The philosopher, Alvin Plantinga, claims that a belief in God should be considered a properly basic belief like this. Plantinga believes that humans have an innate, natural capacity to apprehend God’s existence just like we have a natural capacity to see. When you see a tree, he says, you do not infer it from your experience of seeing it. You just see it. Similarly, when we experience God, we do not infer His existence, we experience his existence such as when we feel compelled morally, or experience guilt, or gratitude, or when we recognize God’s handiwork in nature. It is during these times that we naturally apprehend God’s existence and this is a legitimate belief.
The reason that some do not share in this experience is because, according to Plantinga, our fall into sin has had “disastrous cognitive and affective consequences.” Plantinga claims God has so constituted us that we naturally form this belief under certain circumstances but this sense has been damaged and deformed and our affections have been skewed so that we are self-centered rather than God-centered.
According to Plantinga, this belief that God exists is defeasible, and so in encountering argument against it, we must be able to answer that objection or give up the belief.

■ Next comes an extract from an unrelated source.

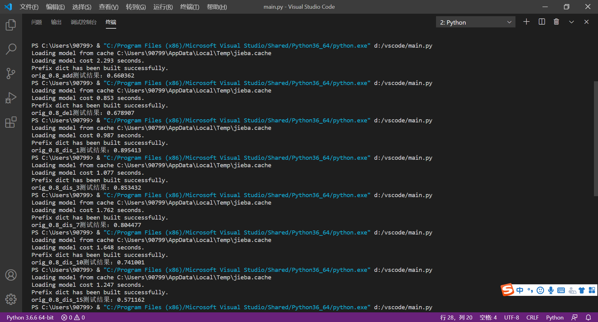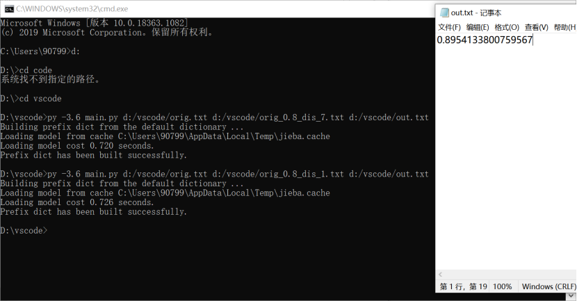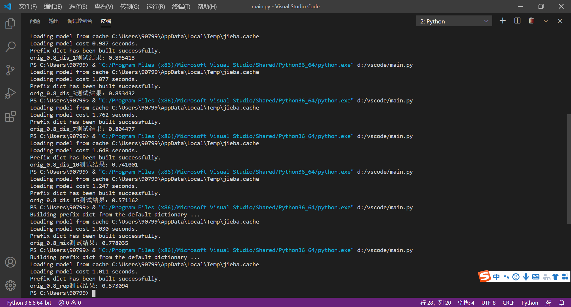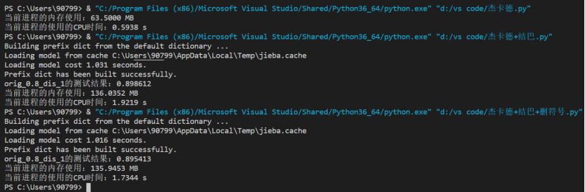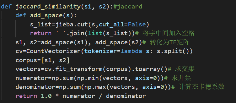 随后在****中学习到了jieba(结巴)库具有分词功能,尝试与杰卡德算法合体,发现数据还是相对理想的:

But, he says it is also possible that in some cases, the original belief itself may so exceed its alleged defeater that it becomes an intrinsic defeater of its ostensible defeater.
Since nobody can ever truly know what you experience, this experiential argument for God is a strong reason for ourselves to believe, even if it cannot be fully shared with a nonbeliever. In fact, Plantinga argues that for some, it is the most convincing evidence of all that God exists because a rational belief based on evidence can be wrong, but something that you know cannot be wrong.
In his book, Where the Conflict Really Lies, Plantinga makes the following analogy: imagine you’ve been accused of a crime. There is strong evidence showing you are guilty, but you know you did not commit the crime. In the face of overwhelming and convincing evidence that you are guilty, you are not rationally obliged to abandon your belief in your own innocence and accept instead that you are guilty. You can know you are innocent and this is stronger than any evidence (even if you cannot communicate this internal knowledge to others).
And so there are certain truths that we experience rather than deduct based on evidence and these are valid. For a Christian, this experience itself is reason enough to believe in God even without argument or debate, just like the other beliefs you rationally accept without argument or debate.